Changing the Default Drag-and-Drop Behavior

By default, when a user drags an item from the LibraryBar control and drops it onto another control, the item remains in the LibraryBar control in an inactive (dimmed) state. You can change this behavior by attaching a PreviewDropEvent event handler to the target control.

SurfaceDragDrop.AddPreviewDropHandler(MainLibraryStack, OnPreviewDrop);

When a user drops the dragged item on the LibraryStack control, the attached event is raised. In the event handler, check to see if the DragSource property belongs to the source LibraryBar control. If it does, change the Effects property to DragDropEffects.Move so the item is removed from the source LibraryBar control.

private void OnPreviewDrop(object sender, SurfaceDragDropEventArgs e)
    if (MainLibraryBar.IsAncestorOf(e.Cursor.DragSource))
        e.Effects = DragDropEffects.Move;

To prevent users from dropping an item on the LibraryBar control that does not belong on it, attach an PreviewQueryTargetEvent event handler to the LibraryBar control.

SurfaceDragDrop.AddPreviewQueryTargetHandler(MainLibraryBar, OnPreviewQueryTarget);

When the attached event is raised, check to see if the Data property of the event arguments belongs to the LibraryBar control. If it does not belong, reject the item by setting the UseDefault property to false, the ProposedTarget property to null, and the Handled property to true.

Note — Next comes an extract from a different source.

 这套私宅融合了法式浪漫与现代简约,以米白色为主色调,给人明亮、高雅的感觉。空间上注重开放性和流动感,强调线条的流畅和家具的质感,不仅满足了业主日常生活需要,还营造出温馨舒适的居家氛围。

private void OnPreviewQueryTarget(object sender, QueryTargetEventArgs e)
    LibraryBar bar = (LibraryBar)sender;
    if (!bar.Items.Contains(e.Cursor.Data))
        e.UseDefault = false;
        e.ProposedTarget = null;
        e.Handled = true;
If you combine these two techniques, after a user drags an item from the LibraryBar control to the LibraryStack control, the user cannot drag the item back to the LibraryBar control.